Why would down casting be a bad practice in C++ and not in another language?


I once asked a question about how to design a piece of C++ code (which can be found here C++ - Good or bad practice?) and people told me that down-casting is considered a bad practice except for very specific scenarios.

However, I've seen many pieces of code in C# and Java where it seems to be a totally natural way of doing things. For example in Android SDK, you have the function Activity#findViewById() that returns a View that you then down cast to its actual class:

TextView tv = (TextView) this.findViewById( R.id.myTextView );

Why would this need to be avoided in C++ and not in other languages ?
I know that C# and Java both support introspection natively, and not C++ which would require on kind of type field, but in the end it's the same thing, isn't it ?


Solution

  • There are at least a couple of very different reasons, all of which are important:

    1. Conceptual: Other languages (especially Java, but to a large extent also C# and similar languages that strongly encourage the use of "reference types") use run-time polymorphism as a single tool to solve a lot of different problems (compile-time polymorphism, code reuse, performance enhancement, type erasure, run-time polymorphism, etc.), whereas C++ has different, more specialized and more appropriate solutions to the individual problems. (Templates, value types, and the like can be used to solve the individual problems.) Consequently, polymorphism in C++ is much less common in other languages, and in the remaining cases where it is common, it is often (but not always) inappropriate to use the equivalent of downcasts or instanceof.
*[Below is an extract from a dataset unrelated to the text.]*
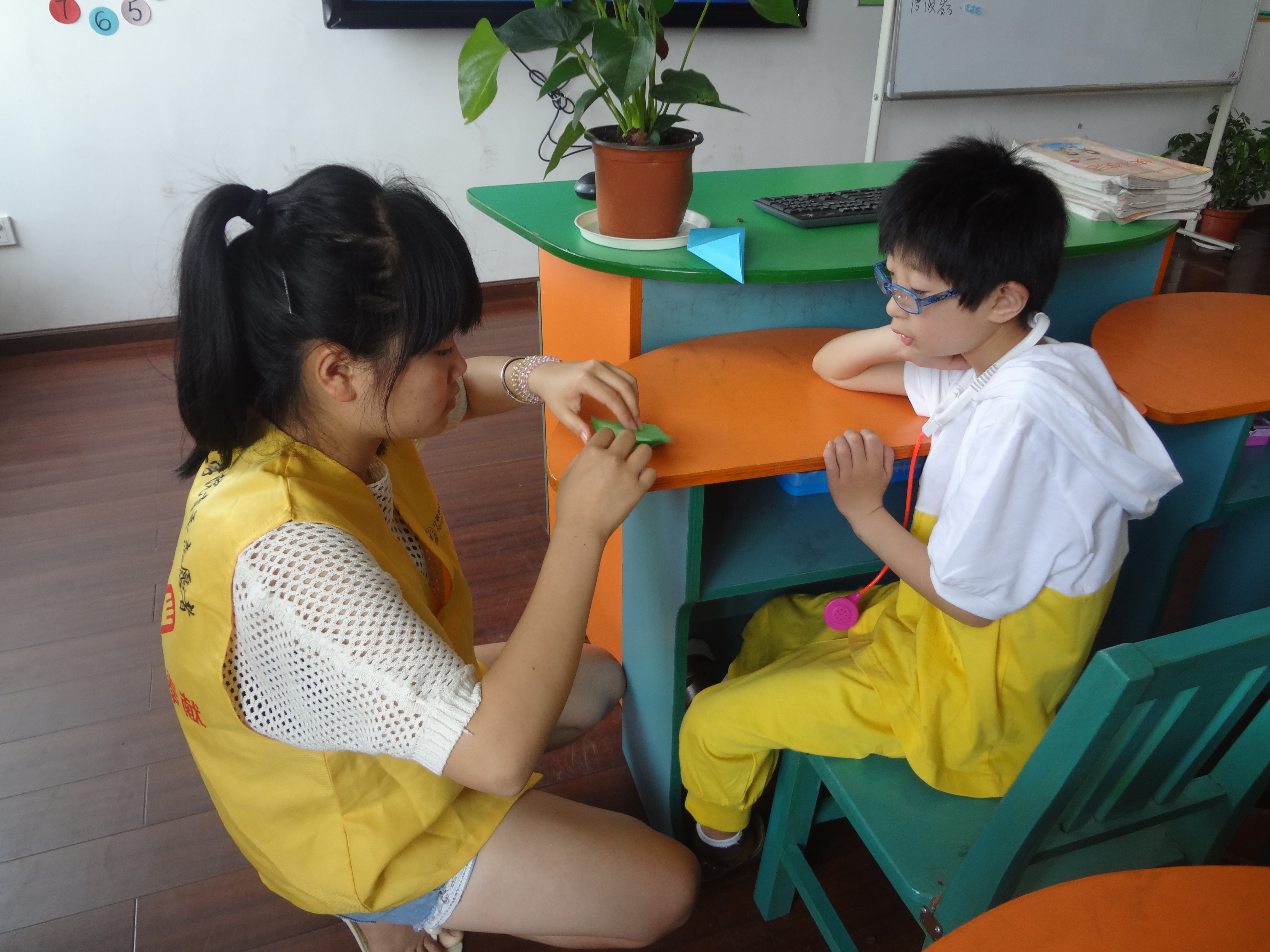 在进行了简单的分配任务后,志愿者们分别进入了各自所要带领的班级。今天的上课主题是“关于儿童节与端午节”,志愿者们首先通过ppt的形式,对小朋友们进行授课,一边讲课一边与小朋友们进行互动,很快地,志愿者们带动了整个教室的氛围。随后,志愿者们又手把手教小朋友们折千纸鹤,虽然折千纸鹤对孩子们来说有一定的难度,但他们还是努力地学着,抓着志愿者们学的不亦乐乎。紧接着,志愿者又与他们一起看动画片、唱歌,在志愿者们的带领下,孩子们活蹦乱跳,整个教室充满了欢声笑语。孩子们热情的喊着哥哥姐姐,到处充满了温馨的画面。

    2. Pragmatic: The downcasting operator in C++ is fundamentally extraordinarily slow compared to the performance of other operators, in main part due to the fact that C++ allows multiple- and virtual-inheritance. Other languages don't, so their casts are much simpler. Moreover, certain compilers' implementations themselves have historically had even slower implementations of downcasting (e.g. I believe 64-bit Visual C++ was one of them). Consequently, developers try to avoid it at all costs due to its practical performance characteristics, on top of the conceptual reasons (#1).

    Because of these reasons, it's really a bad idea to use dynamic_cast in C++ unless you absolutely need to.